A legislação estabelece o fim das covas rasas nos cemitérios até 2025.


Durante cinco dias, o EXTRA acompanhou 29 sepultamentos feitos da forma mais antiga que se tem conhecimento. Hoje, em média, a cada três pessoas enterradas no Caju, uma é em cova rasa — os números deste ano indicam 1.902 sepultamentos entre os 5.820 realizados no total. Apesar dos altos números, a legislação estabelece o fim das covas rasas até 2025 — que, após 168 anos de uso no cemitério, serão substituídas por gavetas ecológicas, chamadas de jazigos sociais.

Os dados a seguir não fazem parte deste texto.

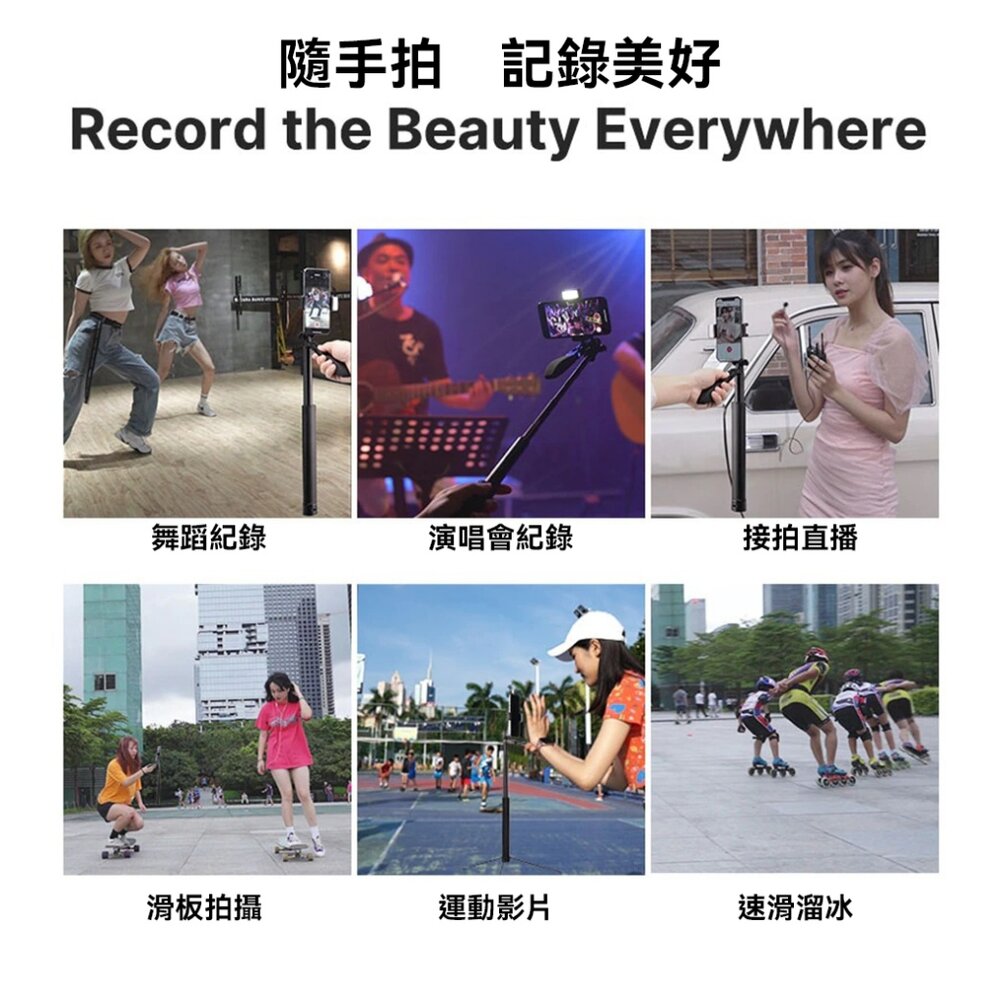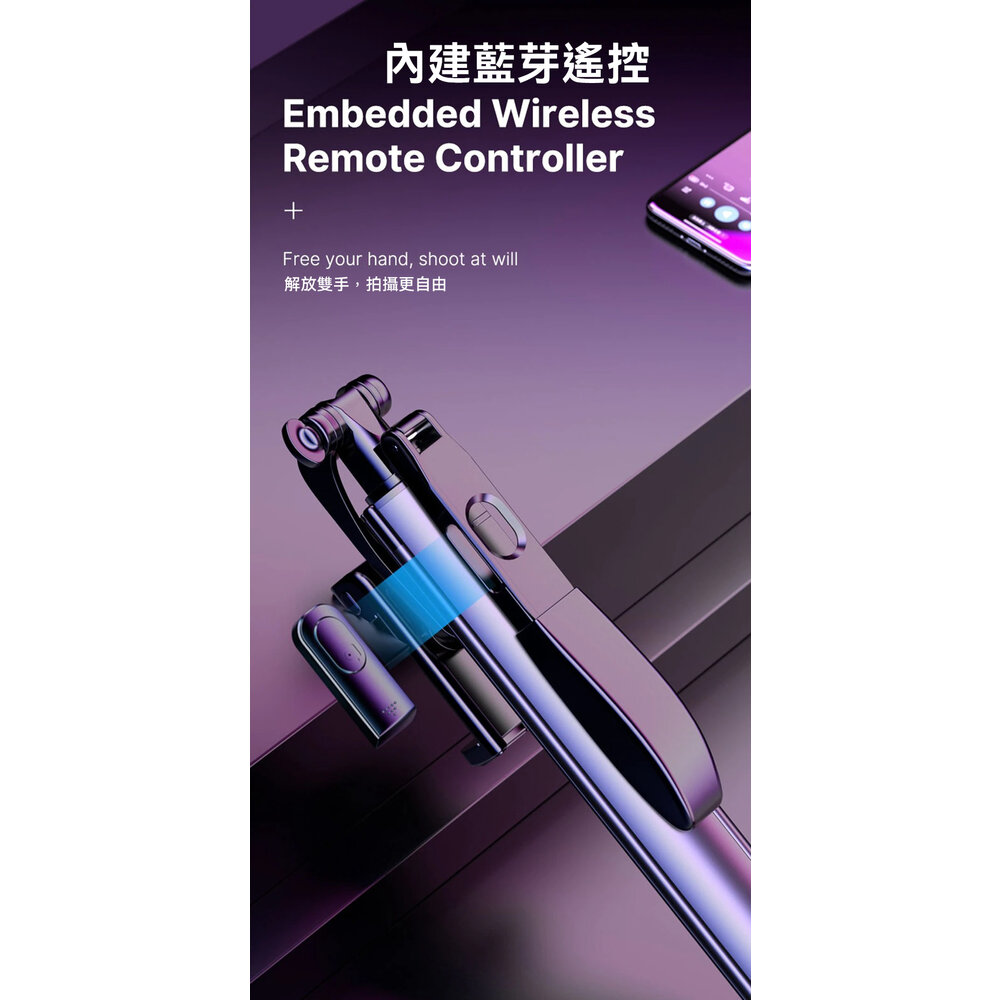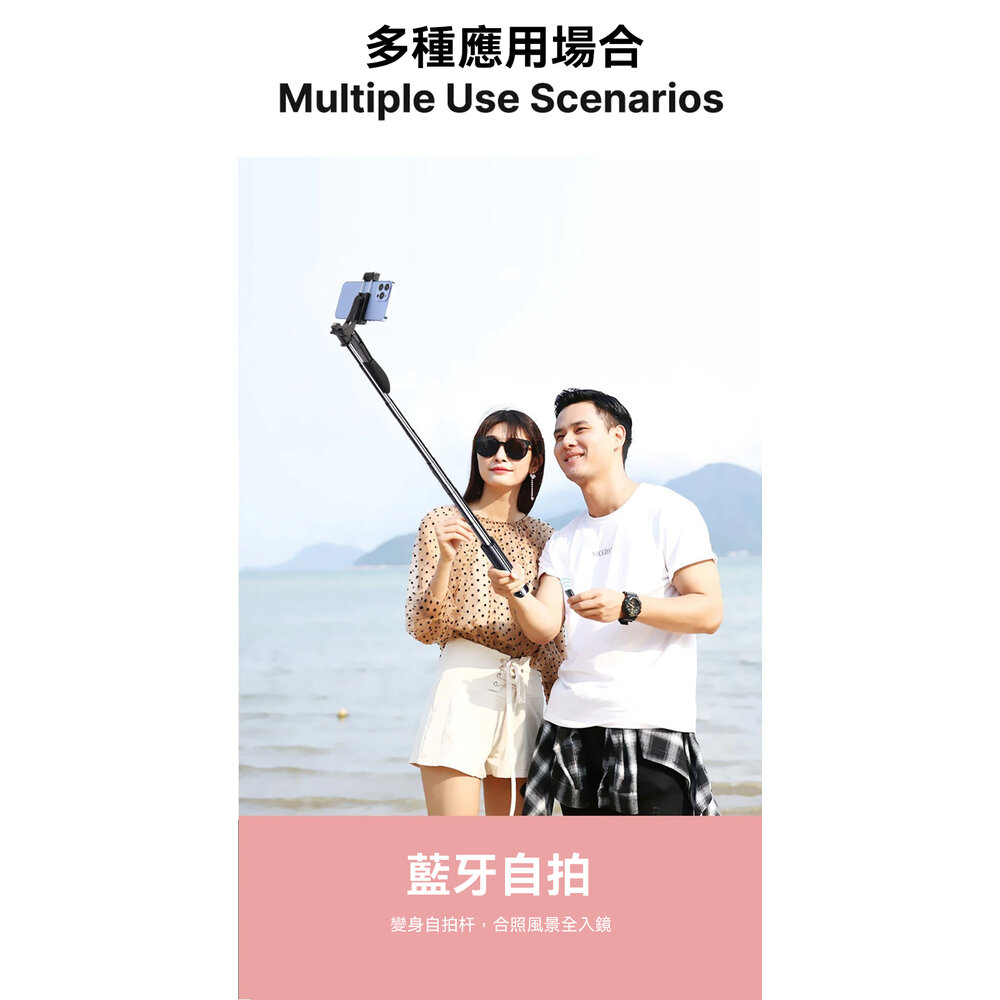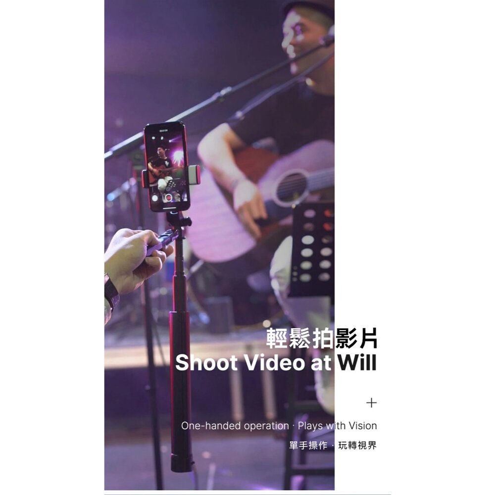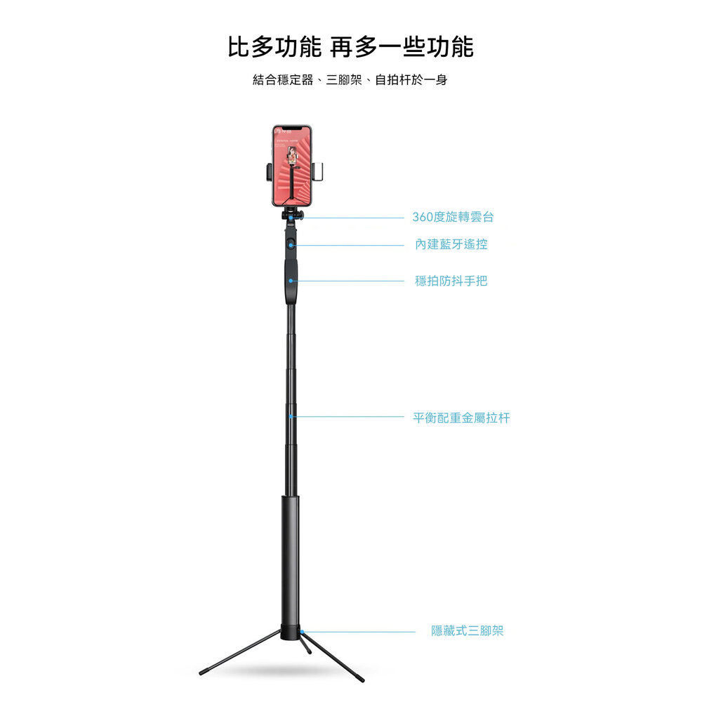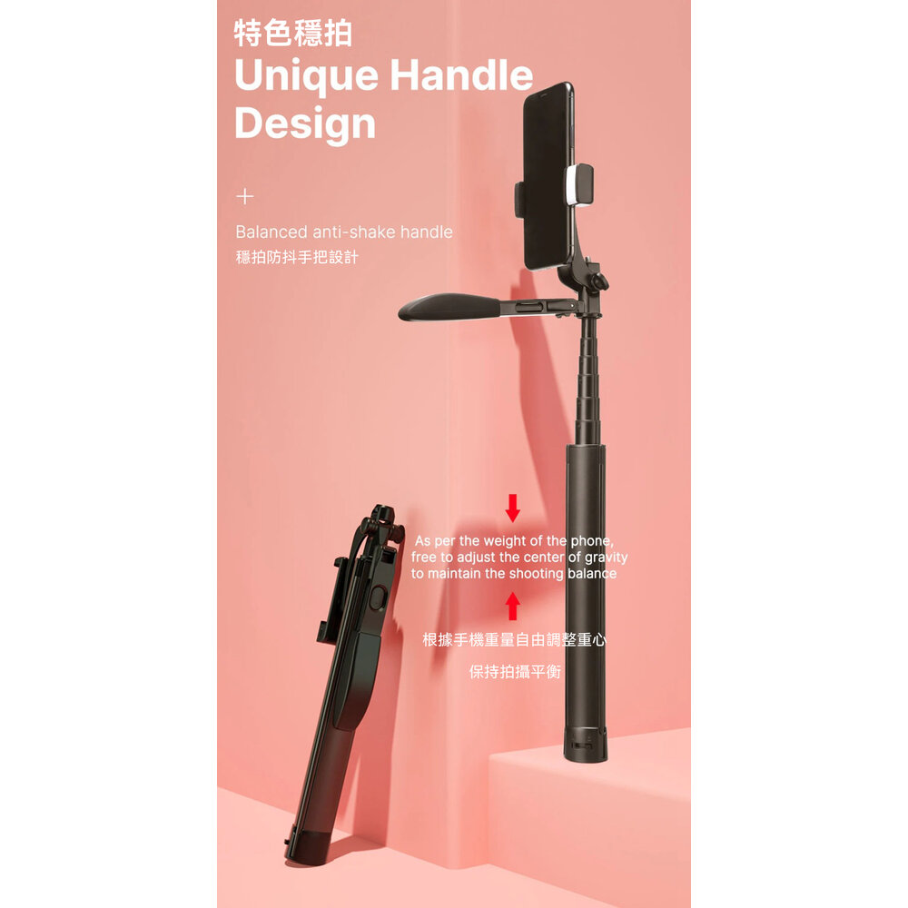 - 一體式設計,結合穩定、藍牙、自拍杆於一身

Com o tempo, as covas deixaram de ser apenas a morada de indigentes e marginalizados, tradição até o início do século 20. Hoje, tornaram-se a última morada de pessoas que constituíram uma família, que tinham amigos, um emprego. Num cenário de crise econômica, covas rasas custam até 40% a menos do que as gavetas. Mesmo assim, saem por cerca de R$ 2 mil.

 

— A minha mãe era o alicerce da nossa casa, era tudo para a gente. Ela morreu feliz, disso tenho certeza. Deixou cinco filhos, netos e bisnetos. A minha mãe não iria se importar com o luxo dos mármores e granitos usados num mausoléu.

 

Para ela, o importante era que os filhos tivessem o armário cheio de comida. Minha mãe não ia esquentar se teve velório ou não — conta a atendente Ana Paula dos Santos, de 37 anos, que perdeu a mãe após Maria Lúcia dos Santos morrer vítima de um edema pulmonar, na Pavuna, Zona Norte do Rio.

 

Funcionário prepara mais uma cruz: covas rasas custam até 40% menos do que gavetas e são opção em plena crise econômica, mas ainda assim saem por cerca de R$ 2 mil.Funcionário prepara mais uma cruz: covas rasas custam até 40% menos do que gavetas e são opção em plena crise econômica, mas ainda assim saem por cerca de R$ 2 mil. Foto: Pedro Teixeira.
‘Foi uma vida difícil’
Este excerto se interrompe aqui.